We next prove that \(\varDelta g ( \mathcal {R} | \mathcal {J})\) is submodular. Given any rule \(r \), using the previous equation, we have

$$\begin{aligned}&\varDelta g (\mathcal {R} \cup \{r \}|\mathcal {J}) - \varDelta g ( \mathcal {R} | \mathcal {J}) = \sum _{\mathcal {R} ^\mathtt{\surd }}P(\mathcal {R} ^\mathtt{\surd }) P(r^\mathtt{\surd }) \nonumber \\&\big ( \sum _{e _{i}\in \mathcal {C}(\mathcal {R} ^\mathtt{\surd }\cup \{r^\mathtt{\surd } \})}\{\max _{r _{j}}{\hat{\lambda } _{j}-\varGamma }\} - \sum _{e _{i}\in \mathcal {C}(\mathcal {R} ^\mathtt{\surd })}\{\max _{r _{j}}{\hat{\lambda } _{j}-\varGamma }\} \big ) \nonumber \\&= -\varGamma + \sum _{\mathcal {R} ^\mathtt{\surd }}P(\mathcal {R} ^\mathtt{\surd })P(r^\mathtt{\surd }) \big ( \sum _{e _{i}\in \mathcal {C}(r^\mathtt{\surd })-\mathcal {C}(\mathcal {R} ^\mathtt{\surd })}{\hat{\lambda }} \nonumber \\&+ \sum _{e _{i}\in \mathcal {C}(r^\mathtt{\surd }) \cap \mathcal {C}(\mathcal {R} ^\mathtt{\surd })}\max \{\hat{\lambda }-\max {\varLambda ^{\mathcal {R} ^{(i)}}},0\} \big ) \end{aligned}$$
(13)

From the equation, we can see that the above margin depends on the following two factors under each cases corresponding to \(P(\mathcal {R} ^\mathtt{\surd })P(r^\mathtt{\surd })\):

  • Improvement on “additional” tuples covered by \(r^\mathtt{\surd } \), i.e., \(\sum _{e _{i}\in \mathcal {C}(r^\mathtt{\surd })-\mathcal {C}(\mathcal {R} ^\mathtt{\surd })}{\hat{\lambda }}\).

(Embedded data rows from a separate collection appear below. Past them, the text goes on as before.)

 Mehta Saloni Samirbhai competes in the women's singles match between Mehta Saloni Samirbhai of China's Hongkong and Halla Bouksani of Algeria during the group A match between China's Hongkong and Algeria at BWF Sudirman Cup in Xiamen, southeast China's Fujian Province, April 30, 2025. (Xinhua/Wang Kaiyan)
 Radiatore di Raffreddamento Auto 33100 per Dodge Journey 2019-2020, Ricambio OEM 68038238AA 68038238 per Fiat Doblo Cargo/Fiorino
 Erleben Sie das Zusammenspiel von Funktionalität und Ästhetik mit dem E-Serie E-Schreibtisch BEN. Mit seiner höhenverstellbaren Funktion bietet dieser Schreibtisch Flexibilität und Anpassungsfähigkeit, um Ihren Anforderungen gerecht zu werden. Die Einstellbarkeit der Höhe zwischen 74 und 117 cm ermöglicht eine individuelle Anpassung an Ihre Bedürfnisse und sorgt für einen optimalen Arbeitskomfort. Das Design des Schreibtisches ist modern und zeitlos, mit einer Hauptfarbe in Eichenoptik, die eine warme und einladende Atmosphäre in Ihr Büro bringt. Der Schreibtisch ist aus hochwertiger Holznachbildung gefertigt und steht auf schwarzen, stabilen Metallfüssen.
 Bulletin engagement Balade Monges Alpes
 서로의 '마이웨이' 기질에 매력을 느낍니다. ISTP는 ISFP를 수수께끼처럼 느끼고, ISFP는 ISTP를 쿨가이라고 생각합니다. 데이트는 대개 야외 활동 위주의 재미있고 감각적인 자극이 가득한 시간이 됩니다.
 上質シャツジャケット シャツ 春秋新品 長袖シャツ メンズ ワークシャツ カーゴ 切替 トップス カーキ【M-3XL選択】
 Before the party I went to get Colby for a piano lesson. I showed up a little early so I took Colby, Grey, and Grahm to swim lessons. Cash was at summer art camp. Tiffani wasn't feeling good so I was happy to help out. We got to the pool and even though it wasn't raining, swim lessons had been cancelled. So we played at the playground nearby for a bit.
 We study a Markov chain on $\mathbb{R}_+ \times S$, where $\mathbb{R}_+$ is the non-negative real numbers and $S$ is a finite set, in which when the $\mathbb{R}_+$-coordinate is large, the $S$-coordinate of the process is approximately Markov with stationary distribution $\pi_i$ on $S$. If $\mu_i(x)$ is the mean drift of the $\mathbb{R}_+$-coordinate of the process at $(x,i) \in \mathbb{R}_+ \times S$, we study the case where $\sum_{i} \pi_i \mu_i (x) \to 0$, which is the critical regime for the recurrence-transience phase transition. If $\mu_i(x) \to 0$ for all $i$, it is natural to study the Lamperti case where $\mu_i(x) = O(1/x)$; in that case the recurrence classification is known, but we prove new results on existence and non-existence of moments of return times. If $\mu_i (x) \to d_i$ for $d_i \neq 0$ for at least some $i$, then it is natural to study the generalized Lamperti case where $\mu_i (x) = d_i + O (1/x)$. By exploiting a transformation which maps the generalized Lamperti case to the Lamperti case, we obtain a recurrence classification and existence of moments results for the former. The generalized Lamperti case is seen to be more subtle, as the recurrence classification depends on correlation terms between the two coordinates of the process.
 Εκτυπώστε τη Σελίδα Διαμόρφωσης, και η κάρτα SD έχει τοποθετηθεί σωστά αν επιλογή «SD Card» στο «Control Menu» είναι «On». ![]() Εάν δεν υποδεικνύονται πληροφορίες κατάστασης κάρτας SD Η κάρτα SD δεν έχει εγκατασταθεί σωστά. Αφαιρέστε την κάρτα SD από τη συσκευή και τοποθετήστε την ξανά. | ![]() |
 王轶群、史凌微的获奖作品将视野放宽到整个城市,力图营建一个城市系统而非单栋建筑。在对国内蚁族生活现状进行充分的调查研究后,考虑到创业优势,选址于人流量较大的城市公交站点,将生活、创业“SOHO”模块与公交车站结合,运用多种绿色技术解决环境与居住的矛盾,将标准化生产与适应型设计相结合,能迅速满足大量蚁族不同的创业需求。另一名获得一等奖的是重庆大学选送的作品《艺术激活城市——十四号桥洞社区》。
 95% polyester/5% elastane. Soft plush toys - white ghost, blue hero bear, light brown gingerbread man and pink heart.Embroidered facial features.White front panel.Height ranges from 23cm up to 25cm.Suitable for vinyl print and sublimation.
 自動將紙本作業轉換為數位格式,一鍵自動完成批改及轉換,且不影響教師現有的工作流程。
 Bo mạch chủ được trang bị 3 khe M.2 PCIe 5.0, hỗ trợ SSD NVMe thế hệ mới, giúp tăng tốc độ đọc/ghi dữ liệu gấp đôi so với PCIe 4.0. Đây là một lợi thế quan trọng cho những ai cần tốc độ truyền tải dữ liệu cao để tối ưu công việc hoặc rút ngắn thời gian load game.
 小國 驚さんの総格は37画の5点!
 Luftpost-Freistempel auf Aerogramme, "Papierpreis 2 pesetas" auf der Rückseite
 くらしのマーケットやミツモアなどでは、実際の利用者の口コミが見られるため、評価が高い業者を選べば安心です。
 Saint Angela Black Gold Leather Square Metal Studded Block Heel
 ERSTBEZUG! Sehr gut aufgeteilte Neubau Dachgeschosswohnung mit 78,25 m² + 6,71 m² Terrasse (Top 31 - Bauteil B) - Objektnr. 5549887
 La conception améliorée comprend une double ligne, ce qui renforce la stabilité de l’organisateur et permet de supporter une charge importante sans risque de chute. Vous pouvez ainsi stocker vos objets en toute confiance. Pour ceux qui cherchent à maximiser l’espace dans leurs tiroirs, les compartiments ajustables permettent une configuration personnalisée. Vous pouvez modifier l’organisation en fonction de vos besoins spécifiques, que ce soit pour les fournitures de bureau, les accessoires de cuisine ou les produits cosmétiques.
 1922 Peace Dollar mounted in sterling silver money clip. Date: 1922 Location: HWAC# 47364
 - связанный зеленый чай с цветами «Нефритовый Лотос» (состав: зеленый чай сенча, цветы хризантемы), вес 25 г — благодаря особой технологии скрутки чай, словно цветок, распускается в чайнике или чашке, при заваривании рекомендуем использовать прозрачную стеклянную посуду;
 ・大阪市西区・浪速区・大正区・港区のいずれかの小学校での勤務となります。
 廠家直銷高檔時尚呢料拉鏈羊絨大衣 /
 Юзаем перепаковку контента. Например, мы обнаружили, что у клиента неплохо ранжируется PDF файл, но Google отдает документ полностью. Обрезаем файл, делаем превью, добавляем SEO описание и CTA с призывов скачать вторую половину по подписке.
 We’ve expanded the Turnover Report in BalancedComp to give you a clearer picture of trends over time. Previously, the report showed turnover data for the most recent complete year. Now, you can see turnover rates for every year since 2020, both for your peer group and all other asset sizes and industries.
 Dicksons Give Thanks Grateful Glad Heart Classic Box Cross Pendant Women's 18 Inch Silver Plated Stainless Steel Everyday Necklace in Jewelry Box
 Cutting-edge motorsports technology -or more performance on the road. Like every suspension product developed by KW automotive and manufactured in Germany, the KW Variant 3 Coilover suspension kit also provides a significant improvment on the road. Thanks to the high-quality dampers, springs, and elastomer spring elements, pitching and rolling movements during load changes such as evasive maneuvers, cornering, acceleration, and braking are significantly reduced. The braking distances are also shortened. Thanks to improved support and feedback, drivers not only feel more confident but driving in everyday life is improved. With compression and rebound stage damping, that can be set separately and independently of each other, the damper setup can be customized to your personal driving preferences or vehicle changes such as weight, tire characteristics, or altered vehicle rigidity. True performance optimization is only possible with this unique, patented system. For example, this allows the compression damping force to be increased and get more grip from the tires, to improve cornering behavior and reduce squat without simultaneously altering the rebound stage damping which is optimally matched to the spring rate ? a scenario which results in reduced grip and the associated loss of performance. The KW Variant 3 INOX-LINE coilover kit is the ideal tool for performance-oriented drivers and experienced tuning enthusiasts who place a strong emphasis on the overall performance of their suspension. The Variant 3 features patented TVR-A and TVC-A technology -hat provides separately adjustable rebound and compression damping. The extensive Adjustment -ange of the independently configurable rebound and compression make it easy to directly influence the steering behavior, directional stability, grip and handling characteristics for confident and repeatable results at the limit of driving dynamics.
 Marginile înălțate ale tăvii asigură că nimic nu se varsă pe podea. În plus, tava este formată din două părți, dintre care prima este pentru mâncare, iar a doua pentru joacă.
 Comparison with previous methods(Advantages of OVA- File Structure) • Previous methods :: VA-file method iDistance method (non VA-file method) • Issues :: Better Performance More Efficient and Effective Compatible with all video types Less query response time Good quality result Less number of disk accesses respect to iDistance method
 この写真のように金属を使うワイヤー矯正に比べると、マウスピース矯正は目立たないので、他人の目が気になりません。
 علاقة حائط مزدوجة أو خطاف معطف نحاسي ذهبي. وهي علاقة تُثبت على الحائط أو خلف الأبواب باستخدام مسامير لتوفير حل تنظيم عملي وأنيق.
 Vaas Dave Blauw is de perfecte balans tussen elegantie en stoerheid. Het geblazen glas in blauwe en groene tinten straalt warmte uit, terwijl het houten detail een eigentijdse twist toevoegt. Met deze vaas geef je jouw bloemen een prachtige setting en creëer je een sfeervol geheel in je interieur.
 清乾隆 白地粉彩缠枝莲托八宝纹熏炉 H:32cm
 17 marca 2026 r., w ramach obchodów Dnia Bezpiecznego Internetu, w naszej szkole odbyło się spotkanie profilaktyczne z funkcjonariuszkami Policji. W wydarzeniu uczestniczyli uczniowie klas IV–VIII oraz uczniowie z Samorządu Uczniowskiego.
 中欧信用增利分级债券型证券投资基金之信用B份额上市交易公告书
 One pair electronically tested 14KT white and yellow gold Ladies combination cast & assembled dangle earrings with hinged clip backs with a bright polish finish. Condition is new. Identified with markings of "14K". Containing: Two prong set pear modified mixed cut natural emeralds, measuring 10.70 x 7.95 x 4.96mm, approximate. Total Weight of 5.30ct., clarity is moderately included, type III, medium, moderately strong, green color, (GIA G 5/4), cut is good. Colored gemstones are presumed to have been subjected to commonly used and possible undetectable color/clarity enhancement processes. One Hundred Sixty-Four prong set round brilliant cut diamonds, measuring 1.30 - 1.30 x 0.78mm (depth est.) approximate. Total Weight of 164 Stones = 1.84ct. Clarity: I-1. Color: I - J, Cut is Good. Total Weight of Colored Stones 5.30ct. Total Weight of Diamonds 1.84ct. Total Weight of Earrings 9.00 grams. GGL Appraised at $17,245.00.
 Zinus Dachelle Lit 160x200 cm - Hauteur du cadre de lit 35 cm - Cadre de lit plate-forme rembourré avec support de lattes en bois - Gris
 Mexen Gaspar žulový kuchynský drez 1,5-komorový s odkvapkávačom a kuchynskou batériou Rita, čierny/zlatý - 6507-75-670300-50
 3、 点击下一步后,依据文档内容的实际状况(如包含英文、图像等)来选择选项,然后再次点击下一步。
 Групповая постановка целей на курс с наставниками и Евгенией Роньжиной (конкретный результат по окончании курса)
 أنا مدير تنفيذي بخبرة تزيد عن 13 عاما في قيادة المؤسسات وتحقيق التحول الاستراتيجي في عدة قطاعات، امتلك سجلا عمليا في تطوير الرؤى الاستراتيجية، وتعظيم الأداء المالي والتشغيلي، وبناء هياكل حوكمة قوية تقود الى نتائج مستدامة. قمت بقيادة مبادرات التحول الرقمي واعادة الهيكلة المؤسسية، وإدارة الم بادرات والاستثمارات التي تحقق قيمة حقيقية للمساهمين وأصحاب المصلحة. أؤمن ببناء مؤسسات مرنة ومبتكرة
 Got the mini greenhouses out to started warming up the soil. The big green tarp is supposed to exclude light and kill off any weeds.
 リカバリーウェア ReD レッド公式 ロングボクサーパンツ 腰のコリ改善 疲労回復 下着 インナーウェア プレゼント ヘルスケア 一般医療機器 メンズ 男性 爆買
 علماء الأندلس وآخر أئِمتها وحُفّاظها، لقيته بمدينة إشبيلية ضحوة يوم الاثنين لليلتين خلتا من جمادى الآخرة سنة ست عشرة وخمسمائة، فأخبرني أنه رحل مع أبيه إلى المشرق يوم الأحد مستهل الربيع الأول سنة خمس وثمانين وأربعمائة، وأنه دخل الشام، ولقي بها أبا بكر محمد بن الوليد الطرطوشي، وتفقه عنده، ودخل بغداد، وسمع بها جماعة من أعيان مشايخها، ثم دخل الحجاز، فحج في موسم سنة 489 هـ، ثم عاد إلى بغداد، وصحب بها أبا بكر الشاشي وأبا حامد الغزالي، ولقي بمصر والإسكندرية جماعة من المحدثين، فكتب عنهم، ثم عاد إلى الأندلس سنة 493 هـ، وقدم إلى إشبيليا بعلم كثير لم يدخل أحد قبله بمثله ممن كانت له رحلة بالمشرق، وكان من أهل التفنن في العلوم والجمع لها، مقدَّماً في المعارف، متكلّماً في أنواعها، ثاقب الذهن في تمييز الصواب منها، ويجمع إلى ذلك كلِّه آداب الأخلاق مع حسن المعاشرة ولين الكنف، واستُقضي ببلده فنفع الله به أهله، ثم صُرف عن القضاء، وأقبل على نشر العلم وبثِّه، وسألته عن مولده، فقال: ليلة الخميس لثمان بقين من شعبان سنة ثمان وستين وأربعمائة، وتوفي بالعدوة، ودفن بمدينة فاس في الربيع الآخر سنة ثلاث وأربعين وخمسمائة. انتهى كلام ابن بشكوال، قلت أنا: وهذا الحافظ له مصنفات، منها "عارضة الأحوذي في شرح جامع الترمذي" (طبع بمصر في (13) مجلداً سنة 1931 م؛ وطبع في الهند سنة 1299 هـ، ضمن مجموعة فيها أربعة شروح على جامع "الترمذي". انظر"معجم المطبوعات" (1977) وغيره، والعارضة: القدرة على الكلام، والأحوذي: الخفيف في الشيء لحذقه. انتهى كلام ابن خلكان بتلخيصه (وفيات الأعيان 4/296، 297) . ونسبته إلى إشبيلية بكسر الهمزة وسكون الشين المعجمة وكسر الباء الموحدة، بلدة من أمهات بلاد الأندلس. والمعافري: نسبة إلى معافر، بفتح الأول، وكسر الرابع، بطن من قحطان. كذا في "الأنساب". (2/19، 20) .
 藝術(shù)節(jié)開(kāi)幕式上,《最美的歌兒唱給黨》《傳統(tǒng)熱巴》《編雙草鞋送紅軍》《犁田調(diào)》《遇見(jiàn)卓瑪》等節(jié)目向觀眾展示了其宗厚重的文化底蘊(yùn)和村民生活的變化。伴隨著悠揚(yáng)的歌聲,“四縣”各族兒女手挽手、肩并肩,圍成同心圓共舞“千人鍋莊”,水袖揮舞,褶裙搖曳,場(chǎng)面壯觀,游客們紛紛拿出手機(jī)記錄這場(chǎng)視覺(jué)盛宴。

  • Improvement on the tuples already covered by \(\mathcal {R} ^\mathtt{\surd }\).

Now, let us consider a rule set \(\mathcal {R} _{1} \subseteq \mathcal {R} _{2}\). It is not difficult to see that both of the above factors corresponding to \(\mathcal {R} _{2}\) will not be greater than that of \(\mathcal {R} _{1}\). Thus, we have \(\varDelta g (\mathcal {R} _{1}\cup \{r \}|\mathcal {J})-\varDelta g (\mathcal {R} _{1}|\mathcal {J}) \ge \varDelta g (\mathcal {R} _{2}\cup \{r \}|\mathcal {J})-\varDelta g (\mathcal {R} _{2}|\mathcal {J})\), which proves the submodularity. Hence, we prove the lemma.

1.3 Proof of Theorem 2

Fig. 16
figure 16

Illustration of Theorem 2 proof

To prove Theorem 2, let us consider a special case of the RuleRef task selection problem, as shown in Fig. 16. Each rule has the same accuracy \(\hat{\lambda } _{j}=\lambda \), and each tuple has the same refute probability \(P(e ^\mathtt{\times }_{i})=1.0\). Moreover, we consider the “strict” refuting strategy used in Example 2: One counterexample is enough to refute all rules covering the tuple. And we consider the weight \(\gamma =0.5\). In this case, refuting a tuple, say \(e _{1}\), will remove all the rules covering the tuple, say \(\{r _{1}, r _{2}, r _{3}\}\). However, the removed rules cannot induce any impact defined in Section 4.2, as the tuples covered by \(\{r _{1}, r _{2}, r _{3}\}\) are still covered by other un-refuted rules, and thus the maximum accuracy associated with these tuples is still \(\lambda \). Suppose that we refute \(e _{5}\), and then, we have an impact \(\lambda \) as maximum rule accuracy associated with \(e _{6}\) becomes 0. Based on these examples, it is not difficult to see this special case of RuleRef task selection problem is equivalent to the following maximum isolated node problem:

Definition 7

(Maximum Isolated Node Problem) Given a bipartite graph over a rule node set \(\mathcal {R} \) and a tuple node set \(\mathcal {E} \), consider the following removal conditions: (1) If a tuple node is removed, then all the rule nodes connected to the tuple node as well as the edges associated with the rule nodes are removed; (2) a tuple node is called “isolated node” iff there is no edge associated with the tuple node. The problem finds k tuple nodes \(\mathcal {E} ^{\prime } \subseteq \mathcal {E} \) such that the number of isolated nodes after the removal is maximized.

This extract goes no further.